Coming out of a rescue the only question I would have is what happens if she does not work out or I need to sell her for some reason? Some of these places want the horse BACK and no money. I worked alone when I did horse rescue because my intent from the outset was to buy, rehab and then resell the horse into a better situation. 

It can take hours and hours to get a horse nice and reliable and the thought of doing that and then not being able to move the horse along (and make a little money if I could) was not part of MY equation. 

She is built well enough for the effort. JMO.


----------



## .Delete. (Jan 7, 2008)

I agree with what has been said, she seems fussy about moving forward and the bit. It might be a ill-fitting thing or a personality thing. To me, she looks like she could be bad minded.


----------



## blue eyed pony (Jun 20, 2011)

Oh jeeze that mare is in pain... The face says it all and she was NOT happy about that bit. That amount of chewing is not normal.


----------



## .Delete. (Jan 7, 2008)

blue eyed pony said:


> Oh jeeze that mare is in pain... The face says it all and she was NOT happy about that bit. That amount of chewing is not normal.


The horse i am currently breaking out now is very fussy with his mouth. It took about a month for me to teach him to give his chin. He is still very fussy an very mouthy. He is constantly chewing, but he is very mouthy even when he is by himself in his stall. He grinds his teeth and plays with his tongue. Some horses are just like that.


----------



## Endiku (Dec 6, 2010)

The second that I saw this mare, I thought 'Sour.' xD She looks like a 14.2hh, ridable version of my miniature! That 'I'll do it if I feel like it and its going to be because I feel like it not because you told me to' attitude is quite distinguishable. Still, I'd love to see her after a properly fitted saddle and perhaps a visit from the chiro. Her build is nice and she appears to have plenty of potential, if you could only convince her. If you're a bold rider who doesn't mind a 'fixer upper' horse, I'd say go try her out. I'm also seeing that she is _much_ better behaved/relaxed bareback, making me think that Wallaby is right. She may just bei uncomfortable.

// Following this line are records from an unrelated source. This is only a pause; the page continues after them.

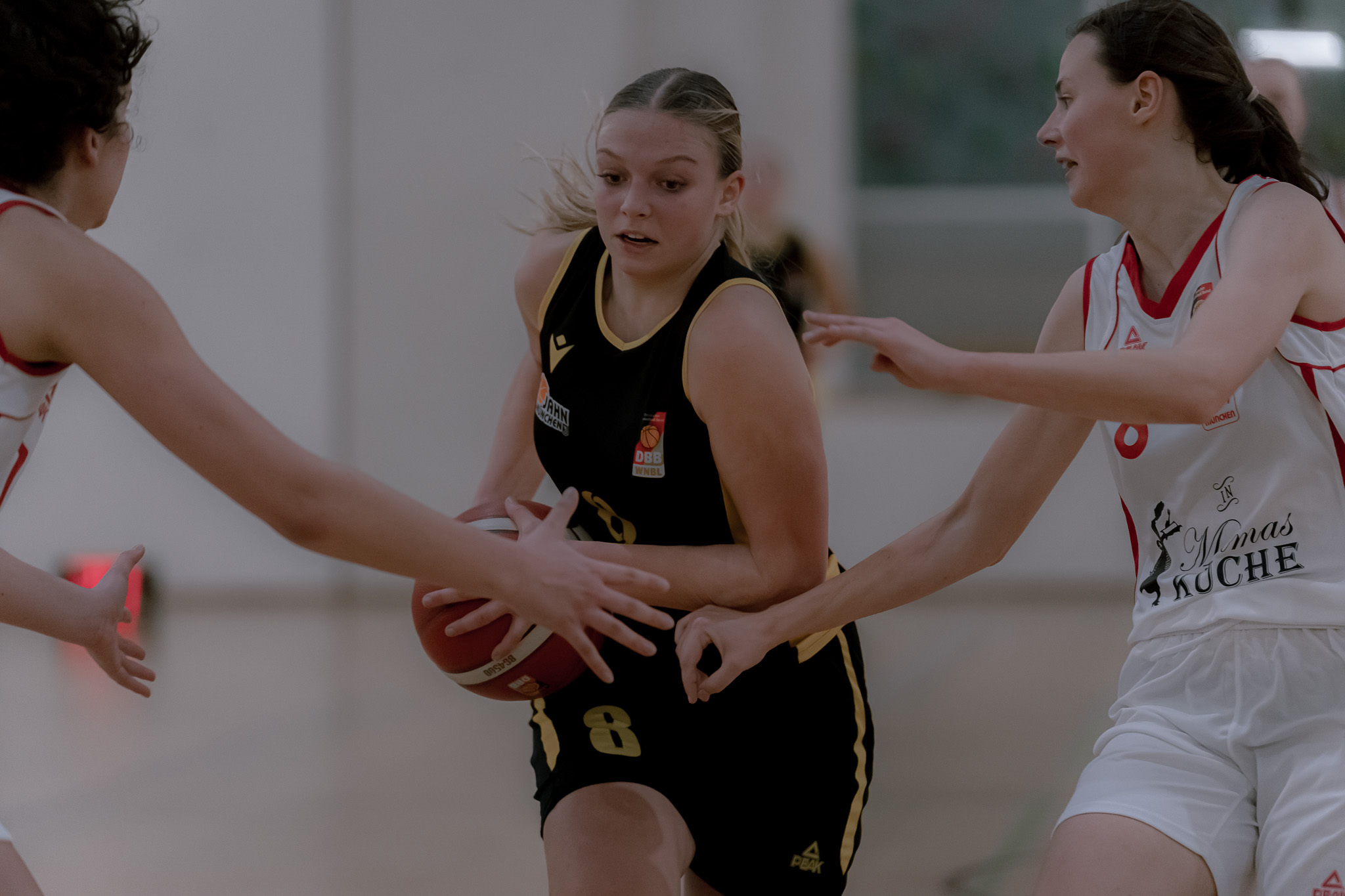 Hiernach folgte die wohl rückblickend stärkste Münchner Phase. Neben weiterhin engagierter Verteidigungs-Arbeit entstanden aus gutem mannschaftlichem Zusammenspiel immer wieder freie Wurf-Abschlüsse. Gleich vier erfolgreiche Distanztreffer sowie schnelle Punkte aus dem eigenen Umschaltspiel ließen den Vorsprung in diesen Sequenzen gar zweistellig anwachsen (48 – 38). Nach diesem gleichermaßen kräftezehrenden Zwischenspurt ließen die Münchner Kräfte allerdings zusehends nach, verletzungs- sowie foulbedingt schrumpfte die eigene Rotation innerhalb kürzester Zeit auf nur noch fünf einsatzfähige Spielerinnen zusammen. Diese waren zwar bei Leibe redlich bemüht, die Gäste unter Regie des baden-württembergischen Landestrainers Thomas Adelt konnten sich im Folgenden jedoch immer wieder entscheidende zusätzliche Wurf-Chancen erarbeiten.
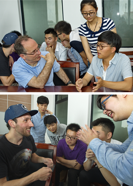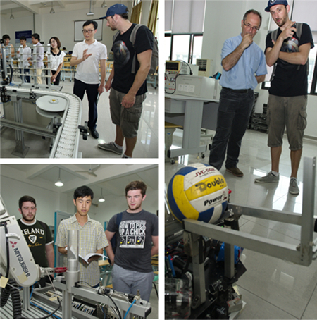 在大学生创新实验室中,我院同学展示了院大学生科创成果,包括医疗服务机器人、篮球机器人、服务机器人和体感技术。James Wright教授就篮球机器人的运动控制方式和模式识别技术与我院学生进行了深入交流,学生们从编程算法到机械结构,对James Wright教授做了详细介绍。James Wright教授有感于我院学生较强的动手能力,对我院学生的科创成果大加赞赏,表示希望有更多的同学能到塔拉理工交流访学,共享教学成果。
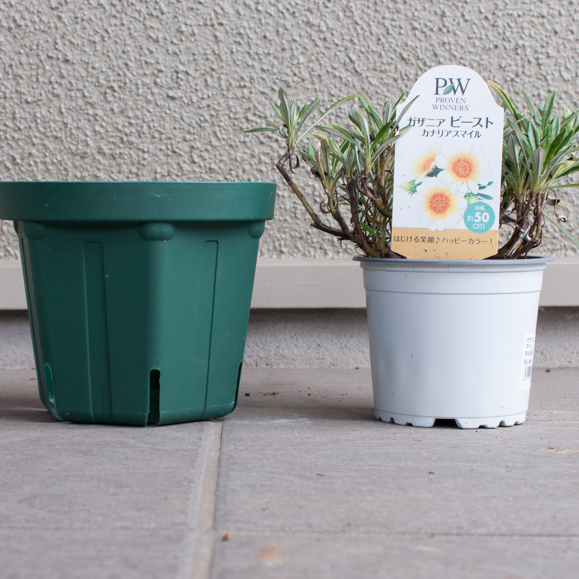 3号ポットに入っていた苗を5号スリット鉢に植え替えました。8月にガザニアを植え替えるのは、根を痛めて枯らす可能性がありますが、3号ポットのままでは小さすぎるので、今回は植え替えることにしました。2週間ほど半日陰で様子をみて、元気に育ってくれるのを楽しみに見守ります。
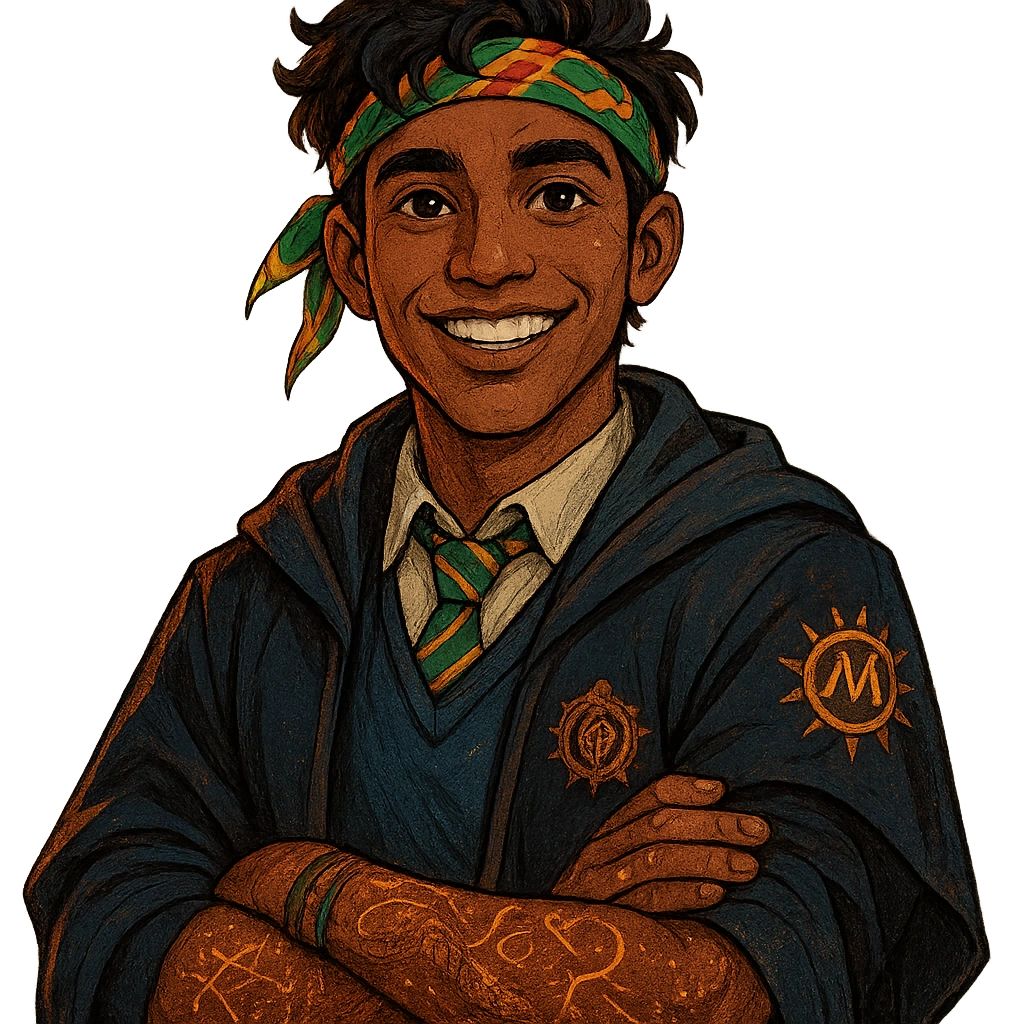 Rafael Santos is an energetic Auror in his mid-twenties with warm brown skin, dark eyes that sparkle with enthusiasm, and a bright smile that contrasts sharply with his partner Tobias Crane’s gruff demeanor. His arms are covered in magical tattoos. He wears the standard Auror robes but with a colorful Brazilian flair, often adding a charmed bandana or bracelet.
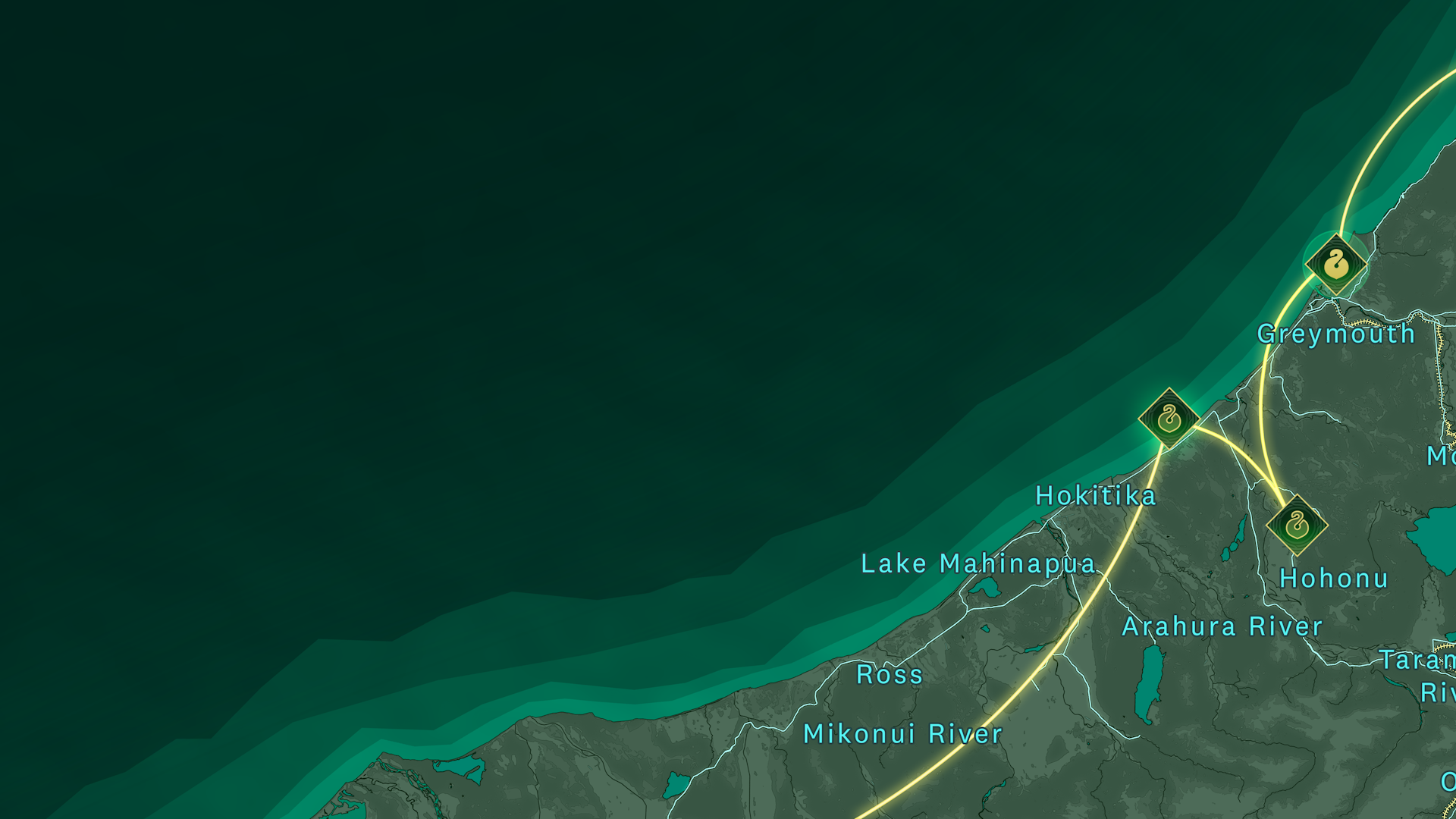 Explore the map to visit distinct locations along our Pounamu Pathway, carved through the rugged landscape of the West Coast/Te Tai o Poutini.

As for the mouthiness, trying a different bit (perhaps a copper, sweetiron, or jointed snaffle?) may help a bit, but it will most likely just come with time. From what I understand she hasn't been ridden a lot, and is fairly green. It takes some horses longer to warm up to the idea of a bit than others. Sour is extremely mouthy, but it doesn't really interfere with her work, so I'm not bothered by it. We've tried six different bits (theres only so many choices in the mini world!) and she still chews, so I just fitted her the best I can so that she can't get her tounge over it, and we work from there.


----------